Somewhere below is a line with "In the middle-distance" and, later, a line with "Charcoal-Round Neck Full"; repeat those two lines and all the lines between them, exactly as they are.

**RECORD SET**
[Start of section]

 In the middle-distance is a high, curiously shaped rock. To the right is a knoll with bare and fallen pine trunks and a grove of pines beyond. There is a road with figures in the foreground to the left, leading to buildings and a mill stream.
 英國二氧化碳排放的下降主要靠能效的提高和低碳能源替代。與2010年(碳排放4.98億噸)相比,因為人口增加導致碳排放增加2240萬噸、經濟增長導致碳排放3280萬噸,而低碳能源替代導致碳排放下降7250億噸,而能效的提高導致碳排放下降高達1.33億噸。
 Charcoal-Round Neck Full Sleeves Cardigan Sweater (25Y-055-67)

[End of section]
[Start of section]

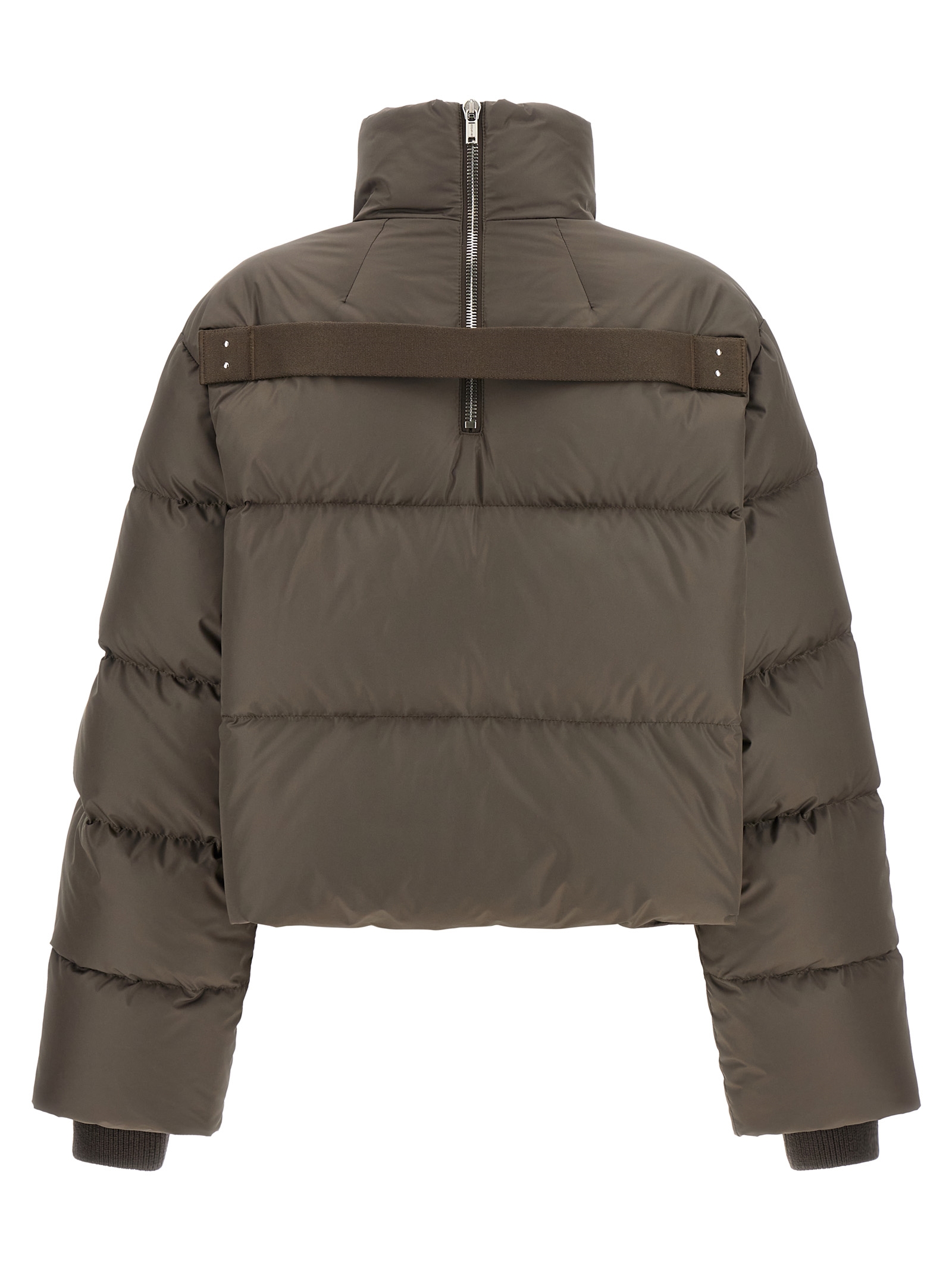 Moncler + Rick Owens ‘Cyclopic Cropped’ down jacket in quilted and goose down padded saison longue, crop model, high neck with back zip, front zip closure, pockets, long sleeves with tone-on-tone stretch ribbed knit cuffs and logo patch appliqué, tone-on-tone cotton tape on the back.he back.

[End of section]

**TASK RESULT**
 In the middle-distance is a high, curiously shaped rock. To the right is a knoll with bare and fallen pine trunks and a grove of pines beyond. There is a road with figures in the foreground to the left, leading to buildings and a mill stream.
 英國二氧化碳排放的下降主要靠能效的提高和低碳能源替代。與2010年(碳排放4.98億噸)相比,因為人口增加導致碳排放增加2240萬噸、經濟增長導致碳排放3280萬噸,而低碳能源替代導致碳排放下降7250億噸,而能效的提高導致碳排放下降高達1.33億噸。
 Charcoal-Round Neck Full Sleeves Cardigan Sweater (25Y-055-67)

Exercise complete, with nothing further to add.